Finally, we have a usable data set with the relevant Canadian information that we want!

Part 2: Analysis on Which Economic Indicators are Impacted by the Differential¶

Remember that the aim of our project is to understand the impact of the WCS/WTI price differential on the Canadian oil industry. Firstly, we want to see if the impact of the differential is significant. Below, we will do so by finding mean values for monthly differential impacts and then see if this has been changing over time. After showing that the differential impact is significant, we want to understand how oil prices and the differential are correlated to our economic indicators, which include GDP and the exchange rate. Doing so will help us get a better understanding of the extent to which our interest variables impact Canada's economy as a whole.

In [65]:

impact1 = df['Monthly Differential Impact (Billions of CAD)'].mean()
impact2 = df['2008-01':'2012-12']['Monthly Differential Impact (Billions of CAD)'].mean()
impact3 = df['2013-01':'2017-12']['Monthly Differential Impact (Billions of CAD)'].mean()
impact4 = df['2018-01':'2022-12']['Monthly Differential Impact (Billions of CAD)'].mean()
impact5 = df['Monthly Differential Impact (Billions of CAD)'].sum()

print(f'The average monthly impact of the differential from 2005-2022 was ${impact1:.3f} Billion CAD.')
print(f'The average monthly impact of the differential from 2008-2012 was ${impact2:.3f} Billion CAD.')
print(f'The average monthly impact of the differential from 2013-2017 was ${impact3:.3f} Billion CAD.')
print(f'The average monthly impact of the differential from 2018-2022 was ${impact4:.3f} Billion CAD.')
print(f'The cumulative impact of the differential from 2005-2022 was ${impact5:.3f} Billion CAD.')

The average monthly impact of the differential from 2005-2022 was $2.649 Billion CAD.
The average monthly impact of the differential from 2008-2012 was $1.818 Billion CAD.
The average monthly impact of the differential from 2013-2017 was $2.635 Billion CAD.
The average monthly impact of the differential from 2018-2022 was $3.572 Billion CAD.
The cumulative impact of the differential from 2005-2022 was $572.207 Billion CAD.

As we can see, the differential has a massive impact! The average over the last five years of 3.57 billion CAD per month, which amounts to over 100 million CAD per day. As such, over the last 18 years, this cumulative effect has totalled 572 billion CAD. In other words, this is the additional value that Canada's oil industry could be generating had WCS not been sold as a discount.

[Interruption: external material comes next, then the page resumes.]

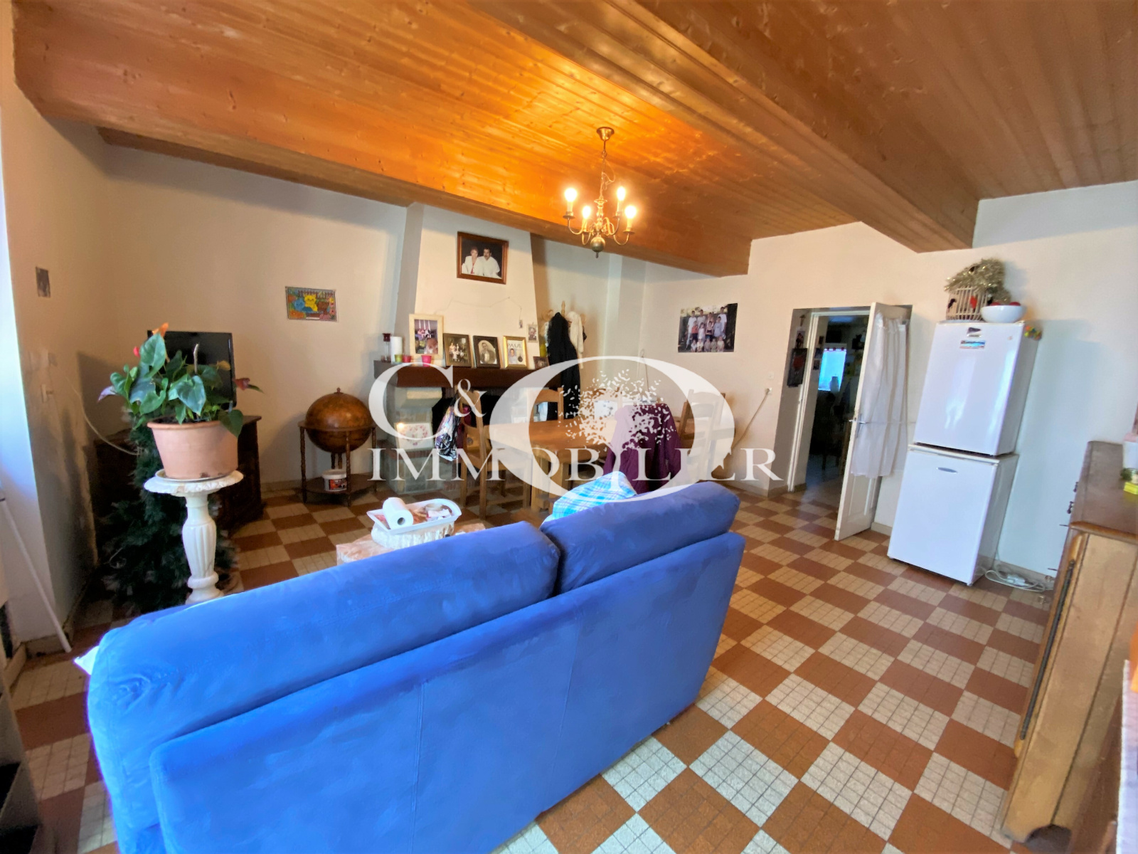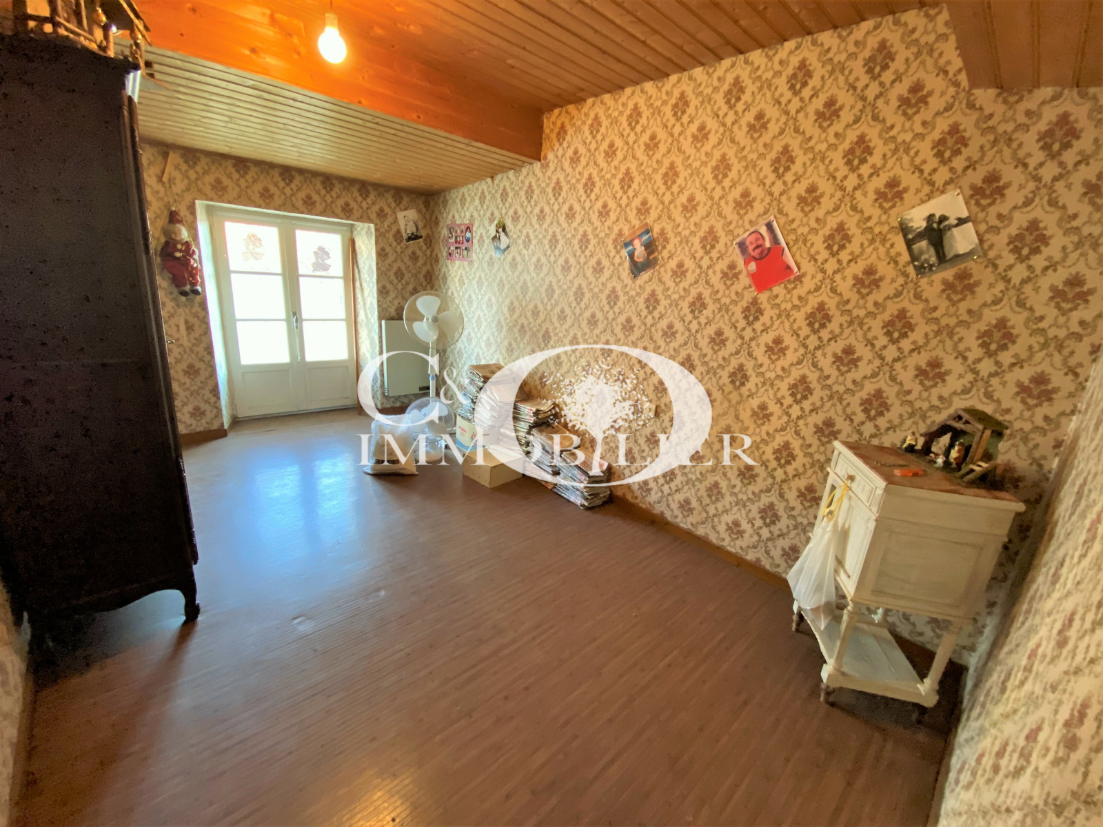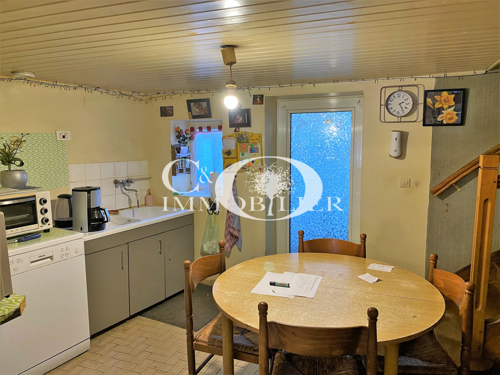 Située dans le bourg, maison sur 2 niveaux avec locataire en place et comprenant au Rdc : séjour avec cheminée, cuisine simple, un wc et une salle de bains.

These findings create the basis for our project since even a small reduction in the differential over time amounts to large amounts of money and impacts GDP (shown below).¶

Now Let's Take a Look at All our Data¶

In [66]:

df.describe()

Out[66]:

	DEXCAUS	WCS Prices	WTI Prices	Differential	GDP	Average Production Per Day (Millions of BPD)	Differential (CAD)	Monthly Production Value (Billions of USD)	Monthly Production Value (Billions of CAD)	Monthly Differential Impact (Billions of USD)	Monthly Differential Impact (Billions of CAD)
count	216.000000	216.000000	216.000000	216.00000	2.150000e+02	216.000000	216.000000	216.000000	216.000000	216.000000	216.000000
mean	1.178506	53.962037	71.417917	-17.45588	1.773706e+06	4.266437	-20.321295	6.878338	8.001145	2.238456	2.649106
std	0.130929	20.954957	22.321942	7.06717	1.614657e+05	0.859660	8.049072	2.775043	3.275839	0.992751	1.281843
min	0.955315	3.500000	16.550000	-45.93000	1.510876e+06	3.096285	-60.649646	0.549638	0.772129	0.614365	0.752094
25%	1.041851	37.675000	54.252500	-20.90000	1.619354e+06	3.429993	-24.044417	4.956521	5.890167	1.687345	1.924564
50%	1.212335	52.060000	69.585000	-15.87000	1.773250e+06	4.217537	-18.777820	6.553534	7.435418	1.999132	2.454969
75%	1.299947	69.092500	89.620000	-12.83250	1.920772e+06	5.234650	-15.095695	8.752537	9.622204	2.591270	2.870876
max	1.420811	114.950000	134.020000	-4.34000	2.071062e+06	5.537451	-5.881469	16.387895	20.983451	7.369210	9.730894

We want to see how these variables are correlated. Since the five rightmost columns are built from the others, their correlation coefficients will be redundant and not produce any new information. As such, we will remove these columns and look at correlation between exchange rates, our prices, GDP, and production.

In [67]:

df3 = df.drop(['Differential (CAD)', 'Monthly Production Value (Billions of USD)',
               'Monthly Production Value (Billions of CAD)',
               'Monthly Differential Impact (Billions of USD)',
               'Monthly Differential Impact (Billions of CAD)'], axis=1)

df3.corr()

Out[67]:

	DEXCAUS	WCS Prices	WTI Prices	Differential	GDP	Average Production Per Day (Millions of BPD)
DEXCAUS	1.000000	-0.685942	-0.730068	0.272055	0.643763	0.720415
WCS Prices	-0.685942	1.000000	0.948610	-0.031109	-0.116919	-0.239948
WTI Prices	-0.730068	0.948610	1.000000	-0.345806	-0.145129	-0.272813
Differential	0.272055	-0.031109	-0.345806	1.000000	0.112258	0.150217
GDP	0.643763	-0.116919	-0.145129	0.112258	1.000000	0.970542
Average Production Per Day (Millions of BPD)	0.720415	-0.239948	-0.272813	0.150217	0.970542	1.000000

Some Noticeable Coefficients:¶

The exchange rate with WCS, WTI, and Differential Prices. This negative correlation makes sense since DEXCAUS is the number of CAD per USD. As such, when the WCS and WTI prices rise, you need less CAD per USD; in other words the Canadian dollar strengthens. Amazingly, the correlation coefficients for oil prices and exchange rate are higher than for GDP and the exchange rate. Also note that a negative coefficient for the differential makes sense since it is a negative value.
GDP with Average Production Per Day; a coefficient of 0.970542.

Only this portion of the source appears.